***** EXERCISE MATERIAL
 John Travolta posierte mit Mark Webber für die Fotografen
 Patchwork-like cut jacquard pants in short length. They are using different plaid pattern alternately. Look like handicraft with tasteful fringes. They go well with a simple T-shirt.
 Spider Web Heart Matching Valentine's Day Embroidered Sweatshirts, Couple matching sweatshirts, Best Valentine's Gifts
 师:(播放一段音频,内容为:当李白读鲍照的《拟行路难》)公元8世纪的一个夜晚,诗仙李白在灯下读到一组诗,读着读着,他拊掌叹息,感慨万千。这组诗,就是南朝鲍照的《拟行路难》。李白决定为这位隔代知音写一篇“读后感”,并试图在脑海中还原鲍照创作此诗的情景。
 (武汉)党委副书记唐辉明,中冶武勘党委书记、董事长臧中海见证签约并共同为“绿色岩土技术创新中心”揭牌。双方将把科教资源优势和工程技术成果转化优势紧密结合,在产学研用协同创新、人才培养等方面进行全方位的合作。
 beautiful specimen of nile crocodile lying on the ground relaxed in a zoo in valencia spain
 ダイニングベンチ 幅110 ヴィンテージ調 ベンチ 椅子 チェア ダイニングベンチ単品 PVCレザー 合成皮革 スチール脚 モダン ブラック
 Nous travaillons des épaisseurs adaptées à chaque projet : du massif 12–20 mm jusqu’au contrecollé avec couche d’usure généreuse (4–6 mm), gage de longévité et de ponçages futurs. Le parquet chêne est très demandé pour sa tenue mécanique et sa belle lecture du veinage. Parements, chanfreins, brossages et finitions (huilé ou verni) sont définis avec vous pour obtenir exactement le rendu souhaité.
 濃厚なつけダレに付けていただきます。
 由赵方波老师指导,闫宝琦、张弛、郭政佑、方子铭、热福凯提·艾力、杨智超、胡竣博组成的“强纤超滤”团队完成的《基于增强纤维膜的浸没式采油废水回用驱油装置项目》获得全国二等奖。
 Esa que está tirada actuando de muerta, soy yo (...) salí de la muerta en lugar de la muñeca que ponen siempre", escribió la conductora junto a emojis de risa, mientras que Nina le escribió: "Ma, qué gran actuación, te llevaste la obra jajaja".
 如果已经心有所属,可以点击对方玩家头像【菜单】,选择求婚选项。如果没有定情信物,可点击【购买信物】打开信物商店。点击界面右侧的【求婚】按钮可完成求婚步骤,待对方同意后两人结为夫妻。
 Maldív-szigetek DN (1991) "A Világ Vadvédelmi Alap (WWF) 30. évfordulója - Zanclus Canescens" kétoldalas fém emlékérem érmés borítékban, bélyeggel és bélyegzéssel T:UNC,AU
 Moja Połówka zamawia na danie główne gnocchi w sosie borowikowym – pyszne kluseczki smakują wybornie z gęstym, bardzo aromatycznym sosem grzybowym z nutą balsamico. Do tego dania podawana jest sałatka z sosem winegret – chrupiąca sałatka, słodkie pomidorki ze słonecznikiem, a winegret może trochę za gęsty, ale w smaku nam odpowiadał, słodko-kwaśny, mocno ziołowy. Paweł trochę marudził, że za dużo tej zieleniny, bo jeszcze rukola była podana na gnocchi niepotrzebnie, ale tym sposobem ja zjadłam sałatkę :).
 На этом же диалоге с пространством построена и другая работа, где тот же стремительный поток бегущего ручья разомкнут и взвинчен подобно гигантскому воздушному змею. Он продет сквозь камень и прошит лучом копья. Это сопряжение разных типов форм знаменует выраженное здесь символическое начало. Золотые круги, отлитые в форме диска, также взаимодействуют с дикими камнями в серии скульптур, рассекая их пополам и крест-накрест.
**********
## ACTIVITY:
What you return must match the data above character for character.

## SOLVED EXERCISE:
 John Travolta posierte mit Mark Webber für die Fotografen
 Patchwork-like cut jacquard pants in short length. They are using different plaid pattern alternately. Look like handicraft with tasteful fringes. They go well with a simple T-shirt.
 Spider Web Heart Matching Valentine's Day Embroidered Sweatshirts, Couple matching sweatshirts, Best Valentine's Gifts
 师:(播放一段音频,内容为:当李白读鲍照的《拟行路难》)公元8世纪的一个夜晚,诗仙李白在灯下读到一组诗,读着读着,他拊掌叹息,感慨万千。这组诗,就是南朝鲍照的《拟行路难》。李白决定为这位隔代知音写一篇“读后感”,并试图在脑海中还原鲍照创作此诗的情景。
 (武汉)党委副书记唐辉明,中冶武勘党委书记、董事长臧中海见证签约并共同为“绿色岩土技术创新中心”揭牌。双方将把科教资源优势和工程技术成果转化优势紧密结合,在产学研用协同创新、人才培养等方面进行全方位的合作。
 beautiful specimen of nile crocodile lying on the ground relaxed in a zoo in valencia spain
 ダイニングベンチ 幅110 ヴィンテージ調 ベンチ 椅子 チェア ダイニングベンチ単品 PVCレザー 合成皮革 スチール脚 モダン ブラック
 Nous travaillons des épaisseurs adaptées à chaque projet : du massif 12–20 mm jusqu’au contrecollé avec couche d’usure généreuse (4–6 mm), gage de longévité et de ponçages futurs. Le parquet chêne est très demandé pour sa tenue mécanique et sa belle lecture du veinage. Parements, chanfreins, brossages et finitions (huilé ou verni) sont définis avec vous pour obtenir exactement le rendu souhaité.
 濃厚なつけダレに付けていただきます。
 由赵方波老师指导,闫宝琦、张弛、郭政佑、方子铭、热福凯提·艾力、杨智超、胡竣博组成的“强纤超滤”团队完成的《基于增强纤维膜的浸没式采油废水回用驱油装置项目》获得全国二等奖。
 Esa que está tirada actuando de muerta, soy yo (...) salí de la muerta en lugar de la muñeca que ponen siempre", escribió la conductora junto a emojis de risa, mientras que Nina le escribió: "Ma, qué gran actuación, te llevaste la obra jajaja".
 如果已经心有所属,可以点击对方玩家头像【菜单】,选择求婚选项。如果没有定情信物,可点击【购买信物】打开信物商店。点击界面右侧的【求婚】按钮可完成求婚步骤,待对方同意后两人结为夫妻。
 Maldív-szigetek DN (1991) "A Világ Vadvédelmi Alap (WWF) 30. évfordulója - Zanclus Canescens" kétoldalas fém emlékérem érmés borítékban, bélyeggel és bélyegzéssel T:UNC,AU
 Moja Połówka zamawia na danie główne gnocchi w sosie borowikowym – pyszne kluseczki smakują wybornie z gęstym, bardzo aromatycznym sosem grzybowym z nutą balsamico. Do tego dania podawana jest sałatka z sosem winegret – chrupiąca sałatka, słodkie pomidorki ze słonecznikiem, a winegret może trochę za gęsty, ale w smaku nam odpowiadał, słodko-kwaśny, mocno ziołowy. Paweł trochę marudził, że za dużo tej zieleniny, bo jeszcze rukola była podana na gnocchi niepotrzebnie, ale tym sposobem ja zjadłam sałatkę :).
 На этом же диалоге с пространством построена и другая работа, где тот же стремительный поток бегущего ручья разомкнут и взвинчен подобно гигантскому воздушному змею. Он продет сквозь камень и прошит лучом копья. Это сопряжение разных типов форм знаменует выраженное здесь символическое начало. Золотые круги, отлитые в форме диска, также взаимодействуют с дикими камнями в серии скульптур, рассекая их пополам и крест-накрест.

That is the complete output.